It’s Tuesday and I’m supposed to be at the film festival office at 9am because I’m on the screening committee and that’s when we’re meeting. 9am. Except I’m not there on time and somehow I’m running late and Laura has taken the boys to school and I’ve forgotten to ask her to give me a lift. So I try calling her car but we haven’t put any minutes on the car phone…
And it doesn’t work; the call doesn’t go through. So I get in my car and slide out of the driveway, on the snow, and head on into town. My phone immediately starts ringing. I juggle the steering wheel and manouever the Motorola menace out of my pocket. It’s one of my fellow screening committee members. She can’t make it. No worries. She can pick up the box of stuff we’re watching and catch up.
I find myself in a queue of traffic, two lanes have become one with some big traffic machine monster blocking one of the lanes. I pull off the main street and get myself into the parking structure. Which is silly really because I only have two dollars in my wallet and it’s going to cost more than that when it’s time to leave. But anyway. I’m there. And I’m late.
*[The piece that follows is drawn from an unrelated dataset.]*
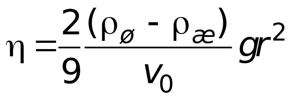 Измеряя скорость установившегося движения v0 и зная плотности шарика и жидкости и радиус шарика, определяем численное значение коэффициента вязкости жидкости.

I find a space on the fourth floor. Well, it says four on a big yellow sign. It could be the third floor in real life because Americans count the ground floor as “one”. I park too close to someone’s Hoon Mobile and can’t open the door. I try to pull back and look for another space but another car is already coming around the corner and it feels like they’re all over me, so I just pull in and deal with it. I bump Hoon twit’s wing because they’ve parked over the middle of the line and they’re bastards for doing that so they deserve it.
I get down the stairs and to the corner of the street without falling over on snow or ice and that’s pretty good, although everyone else manages it here so I guess it’s nothing that special. And, of course, as I get there, the lights change and I can’t cross. Shit. Why does the universe do this to me? Me??? I let out an enormous belch, venting my spleen against the invisible forces ranged against me. Burrrrrppppp! Oh, yeah, baby. Take that! Pretty good. I feel highly satisfied with myself. The world is put to rights again. Heh.
I look around and somehow, quiet movement, unheard arrival, there is now someone standing next to me at the crossing. And of course they heard me. And the joy of belching free into the frigid morning is greatly diminished. They may have a Constitutional Amendment protecting my right to vocalise but it makes no difference. I burped. It was good. And then I realised someone else heard and maybe disapproved and a measure of joy is taken out of the insouciant exclamation.
Why does that happen? I mean why do these people just appear like that? Not why does it diminish the joy of the moment but why are they there, in my head space, when I want that solitude to be free in public? Pah. Whatever. That’s a spicy meat-a-ball. It’s funny again now.